9.1 Working With Geo-Spatial Data
Most data software has the ability to recognize cities, states, and countries by name. In R, you can simply type:
state.name
## [1] "Alabama" "Alaska" "Arizona" "Arkansas"
## [5] "California" "Colorado" "Connecticut" "Delaware"
## [9] "Florida" "Georgia" "Hawaii" "Idaho"
## [13] "Illinois" "Indiana" "Iowa" "Kansas"
## [17] "Kentucky" "Louisiana" "Maine" "Maryland"
## [21] "Massachusetts" "Michigan" "Minnesota" "Mississippi"
## [25] "Missouri" "Montana" "Nebraska" "Nevada"
## [29] "New Hampshire" "New Jersey" "New Mexico" "New York"
## [33] "North Carolina" "North Dakota" "Ohio" "Oklahoma"
## [37] "Oregon" "Pennsylvania" "Rhode Island" "South Carolina"
## [41] "South Dakota" "Tennessee" "Texas" "Utah"
## [45] "Vermont" "Virginia" "Washington" "West Virginia"
## [49] "Wisconsin" "Wyoming"
R will print them all out for you. It also has state abbreviations built in,with ‘state.abb.’
With just the names of the states and a data point for each one, we could create what’s called a choropleth map, one made up of colored regions that indicate the data level. Whereas an election map will show each state as either red or blue, a choropleth map usually instead uses a range of one color to indicate a level: the more ‘red’ a state is, the more homicides per capita happened there, for instance. Which leads us to the most common geo-spatial error: not accounting for population. If I told you there were more gun deaths in California in 2020 than in Mississippi, I could show data like this:
State | Firearm_Deaths |
---|---|
California | 3,449 |
Mississippi | 818 |
(Data from the CDC)
Does California have a bigger gun problem than Mississippi? That would be the incorrect conclusion. When comparing states, they each have a different population - so we have to calculate a rate. That is, to compare states with different populations, we have to calculate a ‘rate per x’ for our data - in this case, the rate of firearm deaths per capita:
population / firearm_deaths = rate
The same would go for countries, cities, or any other data related to a particular location.
So where can we get population data? It’s usually quite easy to find. We could, in theory, merge this state data with our firearm_deaths data frame - the only requirement for merging is that each data frame has a shared column (in this case, it would probably be ‘State’). Once merged, we could use the mutate function to calculate the rate. (deaths / population)
In the case of this data, though, the CDC has already calculated a rate based on population. Looking at their table shows that California ranks 44th in firearm death rate, and Mississippi is 1st:
State | Death_Rate |
---|---|
California | 8.5 |
Mississippi | 818 |
The point being, the most common error in geo-spatial analysis is not taking population into account.

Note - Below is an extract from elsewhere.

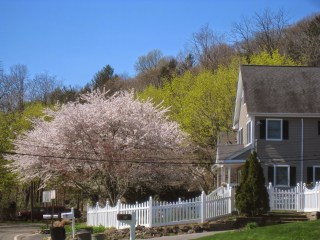 Wall Street goes along Mill Dam park tracing _ naturally _ the ancient wall that formerly surrounded the tidal mill pond itself. This section simply winds along the base of the sand dune heaped up by the receding glaciers. The sand for tens of thousands of years since has been gradually covered with a thin layer of topsoil, some of which naturally washes down, and you get a few pockets of decent fertility. This cherry tree is taking advantage of it.
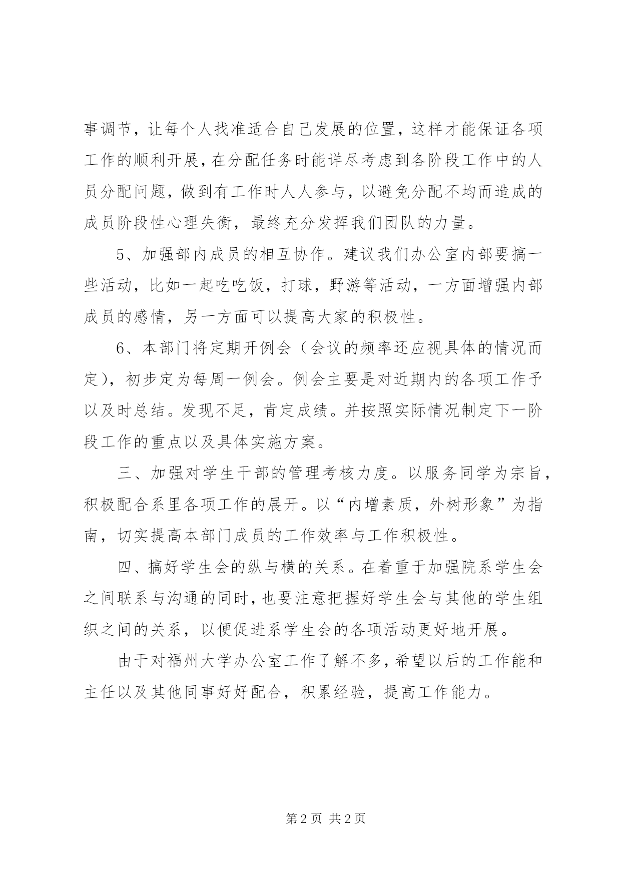 第PAGE\*Arabic\*MERGEFORMAT2页共NUMPAGES\*MERGEFORMAT2页研究生会办公室工作计划新的学期开始,很开心加入一个新的组织,总结过去经验,对2011-2011学年上半学期的工作做了制定与规划。办公室是一个极为重要的部门,是学生会的咽喉,有着自己的特色与优势,所以我们要做好这个学院联系学生的桥梁和纽带作用,更好的为同学服务。本学期,我对将要开展的工作制定了框架,具体计划如下:一、针对本学期学校要组织的50年校庆以及有关活动做好规划,协调学生会各部门做好宣传和策划,负责好文件和有关筹备工作。二、做好内部常规工作和内部建设,做好办公室本职工作。一些内部建设工作在本学期进行了规划或已开始进行,要对规划进行补充和完善,同时继续做好常规工作。1、信息管理。每学年人员变动,学生会成员信息要确定下来,本学期我部将做好成员信息的统计情况,方便主席团及各部的联系工作。2、档案管理。办公室档案,在本学期中,我部将对档案保存和整理做到精细而且简便易查。3、在值班、订会等方面要细化日常工作,实行个人负责制,任务到人,人人负责,相互协调和配合。4、因人而宜,因事而宜。在具体开展工作的同时,因人因事调节,让每个人找准适合自己发展的位置,这样才能保证各项工作的顺利开展,在分配任务时能详尽考虑到各阶段工作中的人员分配问题,做到有工作时人人参与,以避免分配不均而造成的成员阶段性心理失衡,最终充分发挥我们团队的力量。5、加强部内成员的相互协作。建议我们办公室内部要搞一些活动,比如一起吃吃饭,打球,野游等活动,一方面增强内部成员的感情,另一方面可以提高大家的积极性。6、本部门将定期开例会(会议的频率还应视具体的情况而定),初步定为每周一例会。例会主要是对近期内的各项工作予以及时总结。发现不足,肯定成绩。并按照实际情况制定下一阶段工作的重点以及具体实施方案。三、加强对学生干部的管理考核力度。以服务同学为宗旨,积极配合系里各项工作的展开。以“内增素质,外树形象”为指南,切实提高本部门成员的工作效率与工作积极性。四、搞好学生会的纵与横的关系。在着重于加强院系学生会之间联系与沟通的同时,也要注意把握好学生会与其他的学生组织之间的关系,以便促进系学生会的各项活动更好地开展。由于对福州大学办公室工作了解不多,希望以后的工作能和主任以及其他同事好好配合,积累经验,提高工作能力。

9.2 Geo-Spatial Data Types
Geo-spatial data can come in a number of formats, the most common being:
- geoJSON, or JSON (JavaScript Object Notation) with a ‘geometry’ column.
- A CSV, where columns indicate ‘geometry,’ ‘latitude,’ ‘longitude,’ or location equivalencies that can be recognized by R
- A Shapefile, which ‘draws’ boundaries by connecting lat/long points
Geo-spatial plotting also require a base layer - the map itself - along with data that is superimposed on top of the map. This data is either built in to the dataset you’re using, or must be merged together with your data.
9.3 Geo-Spatial R Packages
There are loads of different approaches to visualize geo-spatial data in R. For consistency and ease, we’ll use Leaflet, which allows us to chain together steps using the ‘%>%’ pipe operator, just like the tidyverse. Let’s also load a package called ‘sf,’ or ‘simple features,’ which makes it very easy to import geoJSON files as dataframes, another called ‘sp’ that makes loading Shapefiles a breeze, and the ‘maps’ package that helps with our map ‘projection,’ or how our map deals with the curvature of the Earth.
{{r, geopackages}} install.packages('leaflet') install.packages('sf') install.packages('sp') install.packages('maps')
library(leaflet)
library(sf)
library(sp)
library(maps)
Here’s the example code from the Leaflet Leaflet for R:
<- leaflet() %>%
m addTiles() %>% # Add default OpenStreetMap map tiles
addMarkers(lng=174.768, lat=-36.852, popup="The birthplace of R")
# Print the map m
What does that say? Well, first of all, we’re creating a variable, and the map visualization will be equal to the variable - so to see it, we just need to type the name of the variable. We tell R to use leaflet(), then add a background image - this one is supplied by Open Street Map - then add a marker to the map at a specified location, and finally add a popup to the marker that indicates it’s the location where R was created.
Great! If that works, let’s change the values and make our own map. I’ll center mine around the Golden Gate Bridge, and add a marker for it as well.
What’s the latitude/longitude pair for this location? I like to use Google Maps to get that info. If I go to Google Maps and enter ‘Golden Gate Bridge,’ I get this: https://www.google.com/maps/place/Golden+Gate+Bridge/@37.8199286,-122.4804438,17z/
…and a lot of other gibberish - but the latitude and longitude are literally inside that URL, although it can be hard to see them among all the other junk (they are just after the ‘@’ symbol). Another way to get the latitude and longitude values pair is by clicking on the map itself to create a marker; a popup at the bottom of the screen should show the latitude / longitude pair.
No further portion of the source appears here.